[EXERCISE BRIEF]
Your answer is to be the exact text of the lines from the one containing "Mit Spielen Siedlergemeinschaft" through the final line of the entries, restated in full, with pictures omitted.

--- START ---

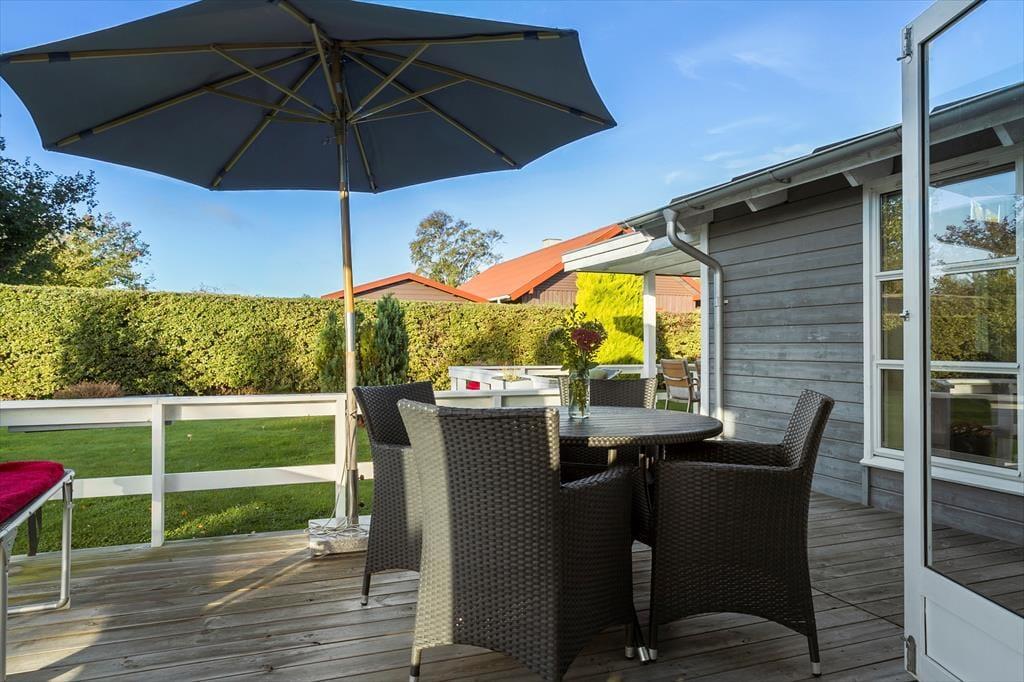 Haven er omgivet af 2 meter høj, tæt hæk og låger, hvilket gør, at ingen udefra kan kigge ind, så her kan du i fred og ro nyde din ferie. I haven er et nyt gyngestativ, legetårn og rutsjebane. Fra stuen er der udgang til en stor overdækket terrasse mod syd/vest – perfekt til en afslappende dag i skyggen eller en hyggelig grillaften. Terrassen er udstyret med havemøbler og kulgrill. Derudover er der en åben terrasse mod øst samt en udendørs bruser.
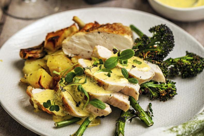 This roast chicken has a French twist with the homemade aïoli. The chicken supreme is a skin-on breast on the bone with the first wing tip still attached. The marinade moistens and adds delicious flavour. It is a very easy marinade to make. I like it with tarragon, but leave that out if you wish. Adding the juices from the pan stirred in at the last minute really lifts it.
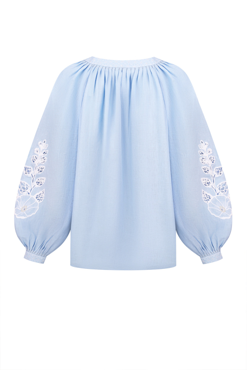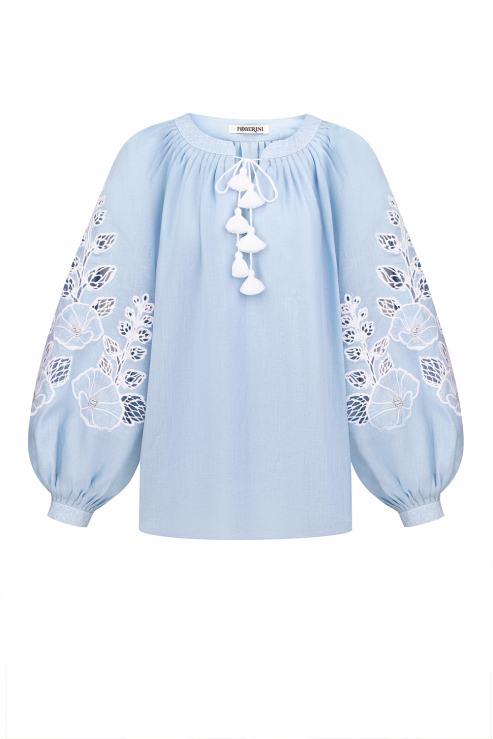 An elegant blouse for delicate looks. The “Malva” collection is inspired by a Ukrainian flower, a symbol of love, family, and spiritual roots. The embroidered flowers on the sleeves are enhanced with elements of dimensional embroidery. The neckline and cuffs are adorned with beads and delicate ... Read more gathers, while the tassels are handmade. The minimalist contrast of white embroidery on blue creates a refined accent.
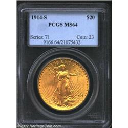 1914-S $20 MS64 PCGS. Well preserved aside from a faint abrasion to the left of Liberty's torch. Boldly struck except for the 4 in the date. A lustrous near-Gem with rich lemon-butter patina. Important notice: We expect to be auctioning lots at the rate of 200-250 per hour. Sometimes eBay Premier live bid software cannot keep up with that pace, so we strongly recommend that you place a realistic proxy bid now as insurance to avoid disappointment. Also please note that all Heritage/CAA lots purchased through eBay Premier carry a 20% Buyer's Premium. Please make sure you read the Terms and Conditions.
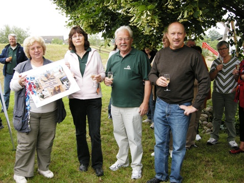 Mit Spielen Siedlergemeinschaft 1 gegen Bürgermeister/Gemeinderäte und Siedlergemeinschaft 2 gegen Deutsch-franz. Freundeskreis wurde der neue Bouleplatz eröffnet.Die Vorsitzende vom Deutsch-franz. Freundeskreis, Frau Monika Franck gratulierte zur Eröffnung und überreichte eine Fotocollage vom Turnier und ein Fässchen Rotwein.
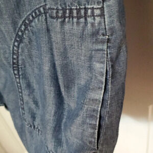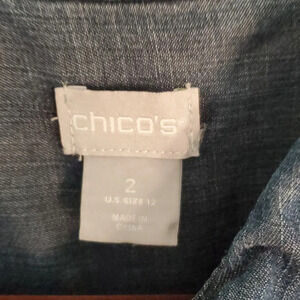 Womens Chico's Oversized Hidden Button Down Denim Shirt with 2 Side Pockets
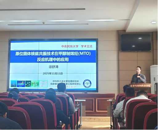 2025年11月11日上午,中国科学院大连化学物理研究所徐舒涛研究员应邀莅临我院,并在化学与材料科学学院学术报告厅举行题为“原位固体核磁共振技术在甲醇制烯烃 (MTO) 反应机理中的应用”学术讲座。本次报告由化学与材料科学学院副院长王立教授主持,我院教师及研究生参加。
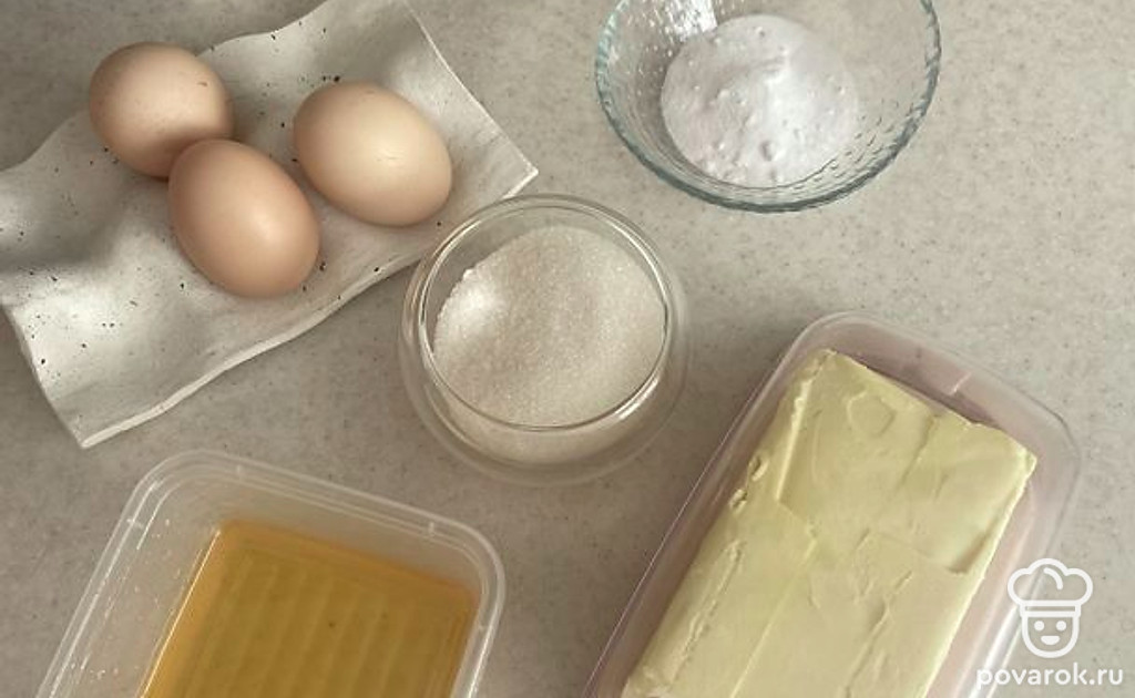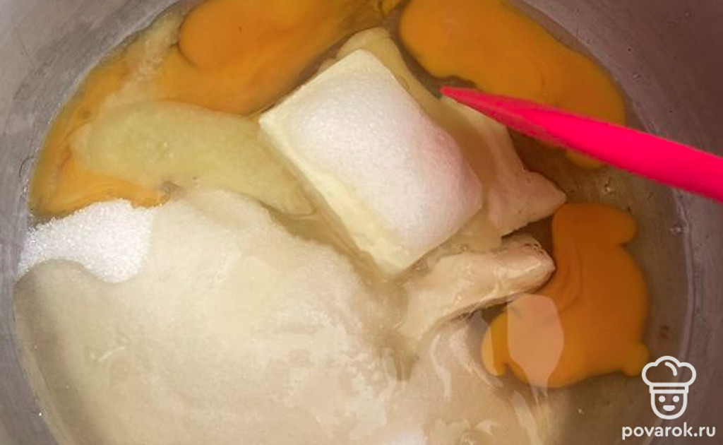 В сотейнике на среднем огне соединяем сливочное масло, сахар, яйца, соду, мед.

--- END ---

[REPLY]
 Mit Spielen Siedlergemeinschaft 1 gegen Bürgermeister/Gemeinderäte und Siedlergemeinschaft 2 gegen Deutsch-franz. Freundeskreis wurde der neue Bouleplatz eröffnet.Die Vorsitzende vom Deutsch-franz. Freundeskreis, Frau Monika Franck gratulierte zur Eröffnung und überreichte eine Fotocollage vom Turnier und ein Fässchen Rotwein.
 Womens Chico's Oversized Hidden Button Down Denim Shirt with 2 Side Pockets
 2025年11月11日上午,中国科学院大连化学物理研究所徐舒涛研究员应邀莅临我院,并在化学与材料科学学院学术报告厅举行题为“原位固体核磁共振技术在甲醇制烯烃 (MTO) 反应机理中的应用”学术讲座。本次报告由化学与材料科学学院副院长王立教授主持,我院教师及研究生参加。
 В сотейнике на среднем огне соединяем сливочное масло, сахар, яйца, соду, мед.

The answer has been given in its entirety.